Churchill thus found in the Dunkirk evacuation not only a victory inside a military disaster, but also a source of hope for the coming Battle of Britain, a source of inspiration that the war would be ultimately and somehow be won, and a call of British youth to service in the long, glorious and deeply, deeply British tradition of the King Arthur’s knights.

Churchill reviewed preparations for the coming battle, and he warned the Germans with words supposedly used to dissuade Napoleon from his plan to invade England: “There are bitter weeds in England,” adding that there were “certainly a great many more of them since the British Expeditionary Force returned.” Churchill underscored this warning, and Napoleon’s heed of it, by conjuring the “many Continental tyrants” who had imagined that they could conquer England. Churchill saw the harm to come, as British cities, especially London, would shortly learn: “there has never been a period in all these long centuries of which we boast when an absolute guarantee against invasion, still less against serious raids, could have been given to our people.”
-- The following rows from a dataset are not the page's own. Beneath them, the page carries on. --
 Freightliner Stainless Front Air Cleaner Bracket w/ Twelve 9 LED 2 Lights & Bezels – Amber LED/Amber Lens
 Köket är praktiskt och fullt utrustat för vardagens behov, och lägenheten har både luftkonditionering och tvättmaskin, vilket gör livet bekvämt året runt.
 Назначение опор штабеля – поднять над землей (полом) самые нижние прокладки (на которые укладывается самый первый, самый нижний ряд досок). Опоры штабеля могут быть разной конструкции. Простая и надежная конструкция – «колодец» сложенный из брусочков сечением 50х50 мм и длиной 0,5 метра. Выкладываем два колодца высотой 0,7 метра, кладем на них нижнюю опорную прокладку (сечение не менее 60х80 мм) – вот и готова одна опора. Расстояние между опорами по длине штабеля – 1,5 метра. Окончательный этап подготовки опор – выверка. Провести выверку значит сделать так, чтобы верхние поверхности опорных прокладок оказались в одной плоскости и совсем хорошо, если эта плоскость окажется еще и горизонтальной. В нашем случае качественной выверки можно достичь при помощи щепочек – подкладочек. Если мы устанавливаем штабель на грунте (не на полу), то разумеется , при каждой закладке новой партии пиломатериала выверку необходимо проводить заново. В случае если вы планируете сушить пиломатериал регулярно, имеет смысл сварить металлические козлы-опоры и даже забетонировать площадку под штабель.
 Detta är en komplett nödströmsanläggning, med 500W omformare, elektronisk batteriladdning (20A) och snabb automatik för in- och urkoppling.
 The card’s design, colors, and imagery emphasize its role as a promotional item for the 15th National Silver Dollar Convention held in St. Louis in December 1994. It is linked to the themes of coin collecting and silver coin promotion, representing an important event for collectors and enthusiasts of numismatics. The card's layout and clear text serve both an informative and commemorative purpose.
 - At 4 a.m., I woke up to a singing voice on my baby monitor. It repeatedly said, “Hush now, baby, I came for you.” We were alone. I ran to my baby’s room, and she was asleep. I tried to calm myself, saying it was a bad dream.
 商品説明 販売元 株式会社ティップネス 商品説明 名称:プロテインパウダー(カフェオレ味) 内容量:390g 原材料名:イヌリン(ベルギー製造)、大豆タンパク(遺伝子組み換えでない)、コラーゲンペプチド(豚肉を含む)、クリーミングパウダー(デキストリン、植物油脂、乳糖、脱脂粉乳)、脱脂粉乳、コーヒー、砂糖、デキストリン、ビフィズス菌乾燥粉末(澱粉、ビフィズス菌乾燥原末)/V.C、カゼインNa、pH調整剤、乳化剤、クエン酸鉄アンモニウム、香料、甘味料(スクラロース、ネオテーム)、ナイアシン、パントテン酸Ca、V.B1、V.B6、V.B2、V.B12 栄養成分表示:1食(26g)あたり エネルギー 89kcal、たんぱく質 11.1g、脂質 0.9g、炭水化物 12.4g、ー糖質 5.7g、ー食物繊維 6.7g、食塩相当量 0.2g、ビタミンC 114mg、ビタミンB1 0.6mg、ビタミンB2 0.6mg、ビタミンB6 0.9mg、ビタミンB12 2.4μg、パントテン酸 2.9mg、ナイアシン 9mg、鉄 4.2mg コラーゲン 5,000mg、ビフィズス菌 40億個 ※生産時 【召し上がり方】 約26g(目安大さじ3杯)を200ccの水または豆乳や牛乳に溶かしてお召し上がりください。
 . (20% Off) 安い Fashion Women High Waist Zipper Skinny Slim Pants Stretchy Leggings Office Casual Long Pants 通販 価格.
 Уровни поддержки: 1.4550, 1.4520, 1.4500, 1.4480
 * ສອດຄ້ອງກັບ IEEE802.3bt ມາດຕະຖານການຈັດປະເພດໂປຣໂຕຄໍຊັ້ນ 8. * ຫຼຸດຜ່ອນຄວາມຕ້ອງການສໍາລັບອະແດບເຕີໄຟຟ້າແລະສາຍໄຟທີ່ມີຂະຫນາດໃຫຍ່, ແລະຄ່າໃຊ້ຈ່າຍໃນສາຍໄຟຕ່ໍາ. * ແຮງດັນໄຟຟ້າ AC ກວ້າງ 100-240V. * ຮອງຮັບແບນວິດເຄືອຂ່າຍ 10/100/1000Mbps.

In the face of these risks, Churchill asserted his certainty that “we shall not flag or fail,” and he concluded the speech with its best remembered passage:

We shall go on to the end, we shall fight in France, we shall fight on the seas and oceans, we shall fight with growing confidence and growing strength in the air, we shall defend our Island, whatever the cost may be, we shall fight on the beaches, we shall fight on the landing grounds, we shall fight in the fields and in the streets, we shall fight in the hills; we shall never surrender, and even if, which I do not for a moment believe, this Island or a large part of it were subjugated and starving, then our Empire beyond the seas, armed and guarded by the British Fleet, would carry on the struggle, until, in God’s good time, the New World, with all its power and might, steps forth to the rescue and the liberation of the old.

The Churchill bar is a high one. I can’t think of any modern leader who has led a nation more capably than Winston Churchill led Britain during World War II. And Churchill’s rhetorical abilities were truly exceptional. Still, desperate times have inspired leaders of very much more modest capacities than Churchill’s to moments of exceptional leadership: Rudy Giuliani after 9/11, for instance, or Lyndon Johnson after the Kennedy assassination.

At the moment that the Dunkirk movie referred to Churchill’s speech, the thought came instantly to my mind: how would our leader speak on such a desperate day? How would Donald Trump find hope in horror? How would he lead and unify us at a terrible time? How would our president inspire us to rise from the lowest point in our national history?

The question is largely academic, but not entirely. It is not inconceivable, for instance, that North Korea will land a nuclear missile on Los Angeles before Trump leaves the White House. It is not inconceivable that a cyberattack from Russia, or ISIS, or somewhere else, will take down our electrical grid while Trump remains in office.

Try to imagine the speech that Donald Trump would deliver the evening after such an event. Try to imagine Donald Trump leading a dazed nation rocked by disaster and unconfident in its future. Try to imagine Donald Trump inspiring us to unity and service.